After publishing this blog entry, a new article was published about Microsoft's transfer pricing planning and the audit. I discuss that article in my comments below (Comment #4.)
In
United States v. Microsoft, 2020 U.S. Dist. LEXIS 8781 (W.D. Wash. 1/17/20),
here, the district court resolved a contentious summons enforcement proceeding started in December 2014. (See the CourtListener docket entries,
here.) Summons enforcement proceedings are supposed to be “summary in nature.”
United States v. Clarke, 573 U.S. 248, 254 (2014) (citing
United States v. Stuart, 489 U.S. 353, 369 (1989)).
So, why was this summons enforcement proceeding not so summary, taking just over 5 years to resolve? A hint at the answer is the amount of the tax savings involved (perhaps $5 billion over 10 years, achieved at a cost of $10 million (I don't think that planning included tax professional fees)), the promoter tax shelter context (involving one of the prominent bullshit promoter tax shelter players, KPMG, in the early 2000s), and the sheer number of attorneys appearing in the case (many of whom are amici). (For the attorneys, see the CourtListener list which may be reviewed by clicking on the “Parties and Attorneys on the CourtListener docket list above; the Government lists 4 attorneys, Microsoft lists 14 (included terminated attorneys), and the amici attorneys are more than I want to count; the relative imbalance between the attorneys for Government and attorneys for the parties opposing the Government reminds me of the old saying about Texas rangers–one mob, one Ranger; in this case one mob, 4 Government attorneys.)
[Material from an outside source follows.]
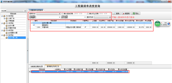 2.選中相應(yīng)的項(xiàng)目,點(diǎn)查詢,查看工程量清單進(jìn)度。也可輸入查詢條件進(jìn)行查詢,如圖:

Well, there is not much in the case. It is, after all, a summons enforcement proceeding where, once the minimal
Powell standards are met, the summons is enforced.
United States v. Powell, 379 U.S. 48 (1964). The Court thus early on ordered the summons enforced.
United States v. Microsoft Corp., 154 F. Supp. 3d 1134 (2015). But that left the privilege assertions to be thrashed over, hence the delay.
So, what’s the context for this battle? Not surprisingly, high-dollar transfer pricing cost sharing arrangements that has drawn similar high dollar litigation with loads of attorneys. E.g.,
Altera Corp. v. Commissioner, 926 F.3d 1061 17143 (9th Cir. 2019), reh. en banc den. 941 F.3d 1200 (9th Cir. 2019) (with an analogous melange of attorneys, including amici). As the Microsoft Court said in the most recent opinion (the one linked in the opening paragraph):
Ultimately Microsoft did enter into cost sharing arrangements through technology licensing agreements. Because those cost sharing arrangements were required by law to be arm's length transactions, the design and implementation details are a central focus of the government's examination. The government expresses skepticism that a third party would be likely to enter into the agreements, thereby satisfying the arm's length standard, because the agreements contained several unique provisions. Dkt. #146 at ¶¶ 18-20. While many of the terms changed before and afterward the agreements were to have been formed, they remained favorable for Microsoft's income tax liability. Id. at ¶¶ 9-11. The government believes that the transactions were "designed and implemented for the purpose of avoiding tax." Id. at ¶ 20. n1
n1 The government expresses further skepticism on the basis that the agreements effectively netted the Puerto Rican entity $30 billion for the "routine" reproduction of CDs containing software and did not otherwise have a significant impact on Microsoft's operations. Dkt. #146 at ¶¶ 15-20.
Microsoft maintains that nothing was abnormal about its actions. [*7] Microsoft argues that transfer pricing disputes with the government were prevalent and, "[r]ecognizing the inevitability of an [Internal Revenue Service ("IRS")] challenge, Microsoft was determined to be adequately prepared to defend these cost sharing arrangements." Dkt. #140 at 6; see also Dkt. #143 at ¶ 23. To this end, and because of the complexity of facts relevant to corporate international tax, Microsoft employed KPMG "to help the lawyers provide legal advice" and to give its own tax advice. Dkt. #140 at 1; Dkt. #143 at ¶¶ 7, 10. Mr. Boyle, then Microsoft's Corporate Vice President and Tax Counsel, maintains that the materials at issue were prepared for his use and that they were "prepared in anticipation of an administrative dispute or litigation with the IRS over the Puerto Rican cost sharing arrangement, the pricing of the software sales to Microsoft, and other issues expected to be in dispute relating to those transactions." Dkt. #143 at ¶ 23.